2011年 6月 15日
Several initiatives to improve the business and regulatory environments in the EU medical device sector are underway that could impact most medical device manufacturers doing business in the region. Additionally, an updated list of Harmonized Standards has been published in the Official Journal.
On May 13, 2011, an updated list of standards (considered European norm harmonized to the Directives) was published in the Official Journal of European Communities (OJEC)—the second update this year. Each Directive has a corresponding list of applicable standards. Of particular interest are standards on the MDD, IVDD, and AIMDD.
According to each of the Directives' Article 5 provisions, compliance with European Norm standards harmonized and published in OJEC presumes compliance with the relevant Essential Requirement.
Most notably, EN 15986:2011, Symbols for Medical Devices Containing Phthalates, has made its long awaited debut in the list of harmonized standards for medical devices. This standard provides a framework for manufacturers to comply with the requirements of Directive 2007/47/EC on Annex I, section 7.5.
In order to address the longstanding concerns about disparities in quality and performance between the Notified Bodies in the EU, and because of the perceived slow pace of the Commission to address these issues, several of the leading Notified Bodies have voluntarily signed a Code of Conduct for Notified Bodies.
The Code of Conduct was drafted collaboratively by a group of Notified Bodies, and addresses issues such as qualifications of Notified Body personnel, rules on conduct of work and commitment to patient safety, and guidelines for harmonization between Notified Bodies.
The Code of Conduct, in its entirety, is available online.
On June 6, 2011, the Council of the European Union issued conclusions on the 3095th Employment, Social Policy, Health and Consumer Affairs Council Meeting covering innovation in the medical device sector.
The council recognized the need for a balanced regulatory environment to protect patients and foster innovation in industry, and the need for greater regulatory unity among the EU states.
The council backed some of the major proposals previously discussed as part of the Recast, including updates to IVD classification rules and a centralized database. Notably, the council also discussed some of the issues concerning Notified Bodies that the Code of Conduct of Notified Bodies addressed as well the conclusions presented at the EU Commission High Level Conference (22 March 2011).

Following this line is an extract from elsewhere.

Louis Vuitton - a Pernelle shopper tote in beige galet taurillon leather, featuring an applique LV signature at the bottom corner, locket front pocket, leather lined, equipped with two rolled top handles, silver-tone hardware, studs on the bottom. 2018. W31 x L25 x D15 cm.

Complete text of the press release is available: click here
The European Commission has publicly issued draft regulations on electronic labeling (e-labeling) as part of their WTO Technical Barriers Trade activities. According to the EC Notification description:
The draft Regulation sets out conditions according to which instructions for use in paper form may be replaced by electronic instructions for use. It limits the possibility of providing instructions for use in electronic form to defined medical devices and accessories intended to be used in specific conditions. Furthermore, it contains a range of procedural safeguards. Thus instructions for use have to be provided in paper form on request, and a specific risk assessment by the manufacturer and information on how to access to the instructions for use is needed.

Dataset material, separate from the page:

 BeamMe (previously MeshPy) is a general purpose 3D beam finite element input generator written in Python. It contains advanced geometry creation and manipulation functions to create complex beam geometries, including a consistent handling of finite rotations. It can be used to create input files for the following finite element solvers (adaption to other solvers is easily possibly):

The draft Regulation also sets up a few basic safety requirements for:
• instructions for use in electronic form which are provided in addition to complete instructions for use in paper form, and
• websites containing such instructions for use.
It is expected that the draft will be reviewed in the Fall of this year. When implemented, the regulation may offer opportunities for manufacturers of particular categories of medical devices to provide non-hardcopy Instructions for Use (or IFUs) by other mechanisms.